Problem description:
Skip any image you find and restate the rest of the data word for word.

START Dataset excerpt

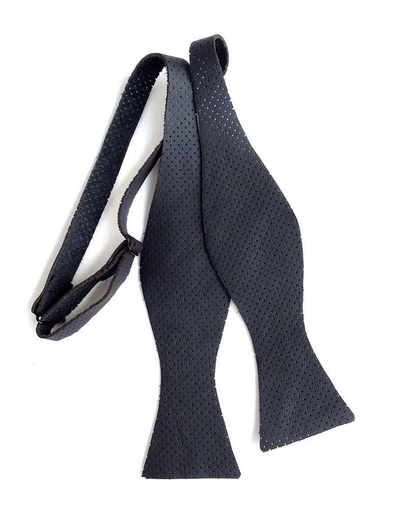 Black Perforated Automotive Leather Bow Tie. Sourced from the off-cuts of automotive seat leather, it is uniquely Detroit! Rugged yet soft textured cowhide with a suede reverse. Laser cut in house for perfect crisp, modern lines. We've carefully selected hides for both fashion and durability - leather ties are meant to not only span the seasons, but decades.
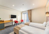 Camera dubla Executive Twin are o suprafata de 28 m2 toate cu aer conditionat, dotate cu baie cu dus, uscator de par, minibar, telefon si TV LCD, halat de baie, fierbator, papuci, fotoliu extensibil. Dimensiune pat: 2 x 90 cm x 200 cm.
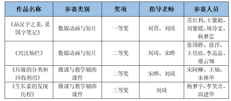 2022年赛事分为15个大类(组),分设沈阳、上海、南京、杭州、厦门和济南6个国赛决赛区。其中,沈阳决赛区分管“微课与教学辅助”类别,北京师范大学、南开大学等高校的857件作品入围复评。南京决赛区分管“人工智能应用与数媒动漫与短片(普通组)”类别,中央民族大学、华中科技大学等高校的360件作品入围复评。公司组建4支本科生代表队参加比赛,推荐刘萱、刘琦、宋晔等任指导教师。在比赛中,同学们将专业知识运用于实践,提升了运用信息技术解决实际问题的综合实践能力、创新创业能力,展现了良好的团队合作精神和专业素养。

END Dataset excerpt

Result below:
 Black Perforated Automotive Leather Bow Tie. Sourced from the off-cuts of automotive seat leather, it is uniquely Detroit! Rugged yet soft textured cowhide with a suede reverse. Laser cut in house for perfect crisp, modern lines. We've carefully selected hides for both fashion and durability - leather ties are meant to not only span the seasons, but decades.
 Camera dubla Executive Twin are o suprafata de 28 m2 toate cu aer conditionat, dotate cu baie cu dus, uscator de par, minibar, telefon si TV LCD, halat de baie, fierbator, papuci, fotoliu extensibil. Dimensiune pat: 2 x 90 cm x 200 cm.
 2022年赛事分为15个大类(组),分设沈阳、上海、南京、杭州、厦门和济南6个国赛决赛区。其中,沈阳决赛区分管“微课与教学辅助”类别,北京师范大学、南开大学等高校的857件作品入围复评。南京决赛区分管“人工智能应用与数媒动漫与短片(普通组)”类别,中央民族大学、华中科技大学等高校的360件作品入围复评。公司组建4支本科生代表队参加比赛,推荐刘萱、刘琦、宋晔等任指导教师。在比赛中,同学们将专业知识运用于实践,提升了运用信息技术解决实际问题的综合实践能力、创新创业能力,展现了良好的团队合作精神和专业素养。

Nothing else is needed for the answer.